Abstract
Purpose
PI-RADS score 3 is recognized as equivocal likelihood of clinically significant prostate cancer (csPCa) occurrence. We aimed to develop a Radiomics machine learning (RML)-based redefining score to screen out csPCa in equivocal PI-RADS score 3 category.
Methods
Total of 263 patients with the dominant index lesion scored PI-RADS 3 who underwent biopsy and/or follow-up formed the primary cohort. One-step RML (RML-i) model integrated radiomic features of T2WI, DWI, and ADC images all together, and two-step RML (RML-ii) model integrated the three independent radiomic signatures from T2WI (T2WIRS), DWI (DWIRS), and ADC (ADCRS) separately into a regression model. The two RML models, as well as T2WIRS, DWIRS, and ADCRS, were compared using the receiver operating characteristic-derived area under the curve (AUC), calibration plot, and decision-curve analysis (DCA). Two radiologists were asked to give a subjective binary assessment, and Cohen’s kappa statistics were calculated.
Results
A total of 59/263 (22.4%) csPCa were identified. Inter-reader agreement was moderate (Kappa = 0.435).
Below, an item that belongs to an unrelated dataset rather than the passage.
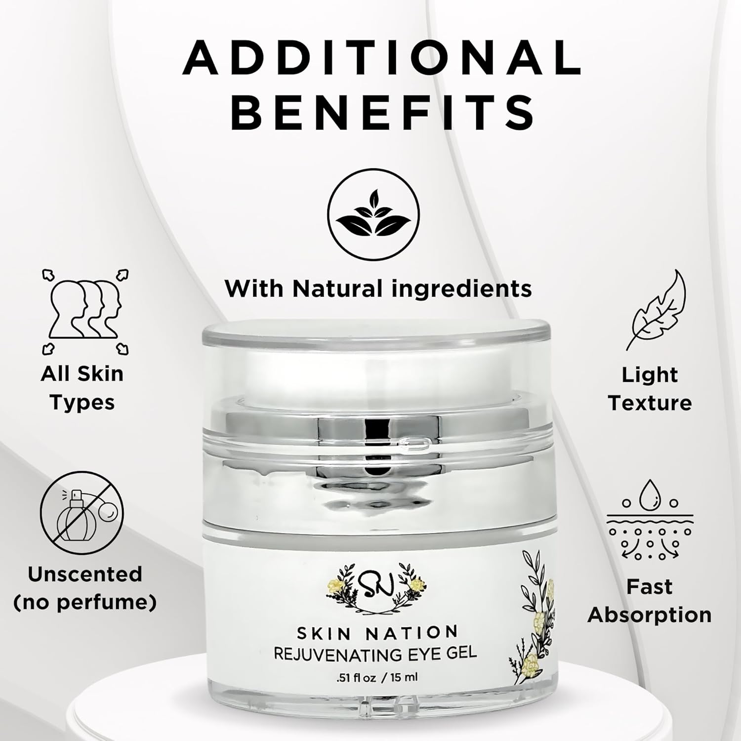 Skin Nation Rejuvenating Eye Gel, Super Hydrating with Peptides, Hyaluronic Acid and Green Tea, Lightweight Plant Based Under Eye Cream for Puffiness, Dark Circles and Smooth Skin, 0.51 oz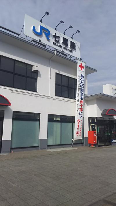 青柏祭を見に行くため七尾線に乗り七尾駅まで来ました。金沢駅から普通列車で1時間半、本当に遠い。ホームには花嫁のれんと青柏祭のでか山(ミニチュアです)が展示されています。コンパクトですが、待合室にはセブンイレブンもあります。なお、改札はJR用とのと鉄道用の二つがあります。

The AUC of RML-i (0.89; 95% CI 0.88–0.90) is higher (p = 0.003) than that of RML-ii (0.87; 95% CI 0.86–0.88). The DCA demonstrated that the RML-i and RML-ii significantly improved risk prediction at threshold probabilities of csPCa at 20% to 80% compared with doing-none or doing-all by PI-RADS score 3 or stratifying by separated DWIRS, ADCRS, or T2WIRS.
Conclusion
Our RML models have the potential to predict csPCa in PI-RADS score 3 lesions, thus can inform the decision making process of biopsy.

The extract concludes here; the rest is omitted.